I have a dataset of hundreds of columns with thousands of rows and need to find the percentile of each value within each set. Normally to find the percentile of each value in a data set I would just sort the data, create a rank column, and divide the rank by the count of unique values. However, I do not want to create a workflow that does this for each of the hundreds of columns.

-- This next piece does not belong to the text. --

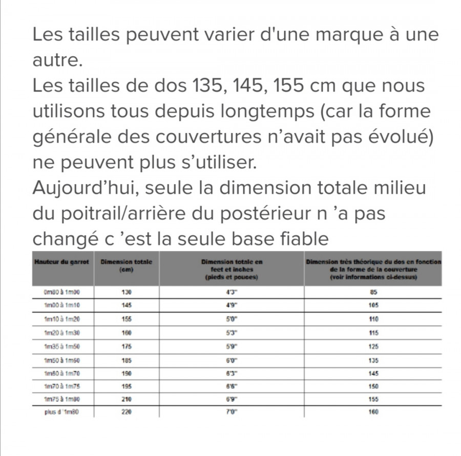 Quand à tes chevaux, il faut mesurer la longueur de dos, et te référer au guide des tailles,

Is there a way to loop the process or a tool that will do this?
Example Dataset Input:
| ID | Col1 | Col2 | Col3 | Col4 |
11111 | 1 | 15 | 99 | 56 |
| 22222 | 6 | 33 | 55 | 105 |
| 33333 | 3 | 6 | 66 | 12 |
| 44444 | 8 | 99 | 4 | 156 |
| 55555 | 9 | 55 | 15 | 56 |
| 66666 | 7 | 3 | 88 | 8 |
| 77777 | 4 | 1 | 5 | 60 |
Desired Output:
| ID | Col1 | Col2 | Col3 | Col4 |
| 11111 | 0% | 50% | 100% | 33% |
| 22222 | 50% | 67% | 50% | 83% |
| 33333 | 17% | 33% | 67% | 17% |
| 44444 | 83% | 100% | 0% | 100% |
| 55555 | 100% | 83% | 33% | 33% |
| 66666 | 67% | 17% | 83% | 0% |
| 77777 | 33% | 0% | 17% | 67% |
How can I do this for hundreds of columns? The above example is the inclusive percentile, but I am fine with finding the exclusive percentile as well.